Je me suis toujours efforcé dans l’exercice de mes responsabilités au sein de la CGT d’éviter toute confusion entre mes propres opinions politiques et le mandat que me confiaient les syndiqués. A ce titre, j’ai régulièrement alerté lorsque des militants, quelle que soit leur sensibilité, cherchaient à instrumentaliser les positions du syndicat pour les mettre au service de leur propre engagement.

 

Est-ce à dire que pour autant la CGT devrait s’interdire d’intervenir dans le débat politique ? Certainement pas.

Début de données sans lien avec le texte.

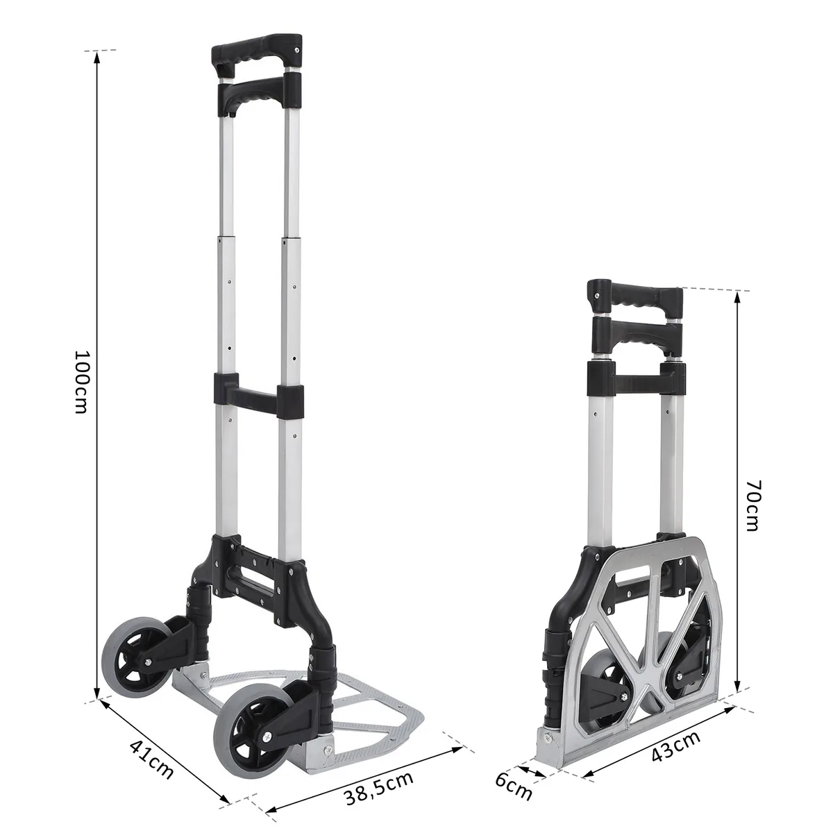 Mūsų krepšelis iš HOMCOM palengvina jūsų bagažo, paketų, gėrimų dėžių ir kitų didelių gabaritų gabenimą. Jo tvirta aliuminio konstrukcija gali pakrauti apie 70 kg prekių. Jis ne tik sulankstomas, bet ir lengvai laikomas, nes sveria tik 3 kg. Jis susilanksto, kad sutaupytų vietos, todėl lengvai nešiotis rankoje arba automobilio bagažinėje. Dėl 3 pakopų reguliuojamo aukščio rankenos (100cm, 90cm ir 60cm) tinka įvairių išmatavimų kraunamos prekės.
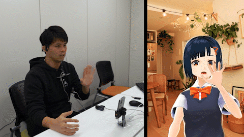自分の分身のような、デジタルヒューマンや、ヒューマノイドロボットへの展開も考えられるように、キャラクターアニメーションも開発しています。カメラキャプチャーベースのAI技術を利用することで、「人の表情の変化」や「人の感情」を推定して、笑ったり、驚いたりといった自然な表情変化を、そのままキャラクターに反映することができます。キャラクターのモデルデータさえあれば、シンプルなデバイス構成でキャラクターの顔、体、腕、手の変化をリアルタイムに反映でき、実在感を生かした演出が行えます。
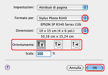 Definire le impostazioni appropriate di Dimensioni e Orientamento. È possibile inoltre definire un formato carta personalizzato. Per informazioni dettagliate, consultare la Guida in linea.
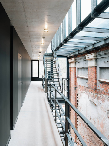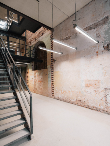 Die Bausubstanz zeichnet sich durch ihren besonderen Industriecharakter aus. Der Charme der morbiden Oberflächen und Materialien, der nicht mehr genutzten Technik und deren Befestigungen und die grundsolide, stabile Tragstruktur folgte einem übergeordneten Leitbild „ALT bleibt ALT – Wie wenig ist genug?“ als Sanierungskonzept.
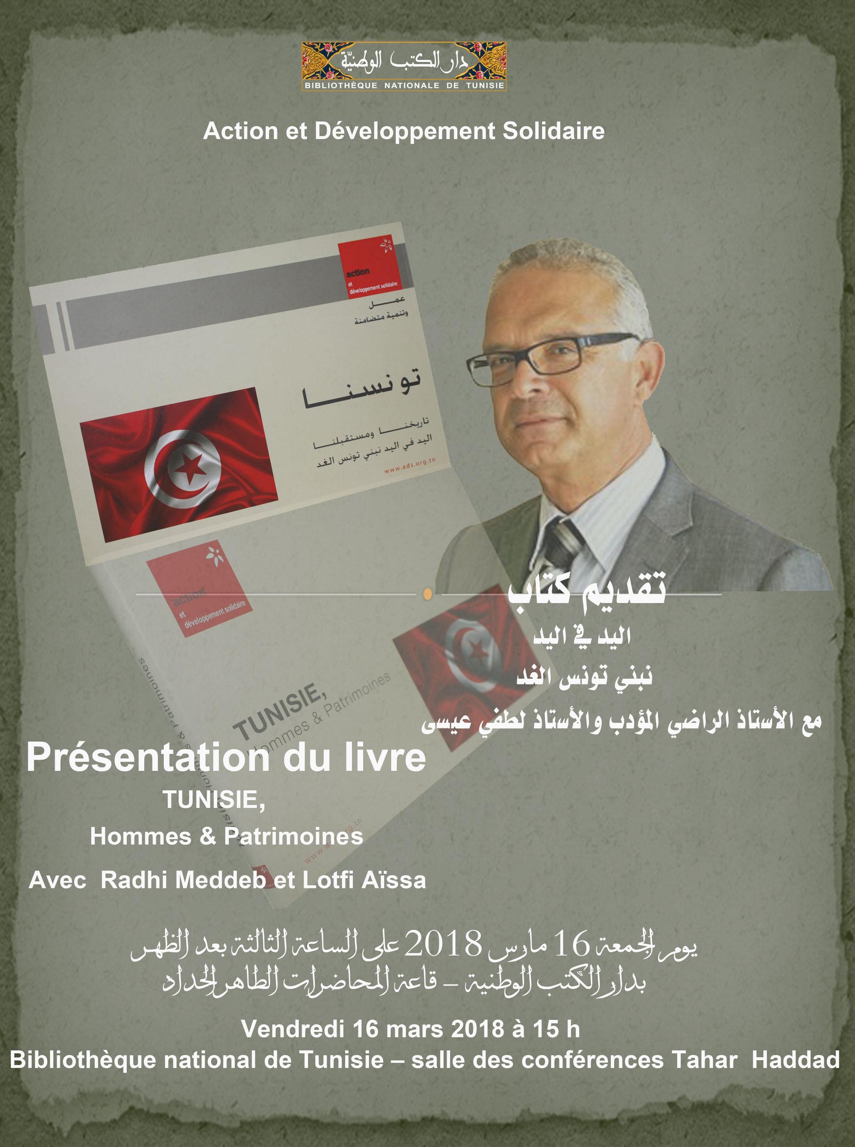 « Tunisie: Hommes et Patrimoines » sera présenté par Radhi Meddeb, président fondateur de l’association Action et Développement solidaire. Le professeur Lotfi Aissa sera son discutant, lors de la présentation du livre vendredi 16 mars à 15h, à la Bibliothèque Nationale.

Elle le fait en pleine autonomie en tant que syndicat de salariés sur la base de ses orientations, de son analyse des situations, de ses objectifs revendicatifs et de ses valeurs.

 

Il y a aujourd’hui une grande cohérence entre sa position d’hier à s’exprimer pour un changement de président de la République et sa critique d’aujourd’hui d’une politique économique et sociale qui nie l’aspiration au changement si fortement exprimée par les salariés en mai 2012.

 

Il y a une grande cohérence entre les statuts de la CGT qui disposent « qu’elle agit contre les discriminations de toutes sortes, le racisme, la xénophobie et toutes les exclusions » et les décisions d’exclure de ses rangs celles et ceux qui prétendraient  exercer un mandat sous le label FN, qui fait de la discrimination et de la division son fonds de commerce démagogique.

 

La CGT remplit sa mission lorsqu’elle mobilise contre l’austérité en Europe en fournissant l’un des plus gros contingents des 80 syndicats qui manifestaient à Bruxelles le 4 avril  à l’initiative de la Confédération européenne des Syndicats.

 

Les adhérents de la CGT ont le droit s’ils le souhaitent de s’engager personnellement dans le débat et les initiatives de nature politique. Ils le font comme citoyen, sans engager pour autant leur syndicat et je ne vois pas au nom de quel principe cette liberté fondamentale me serait interdite alors que ce qui menace le plus le peuple de gauche est l’inertie intellectuelle conjuguée à la désespérance.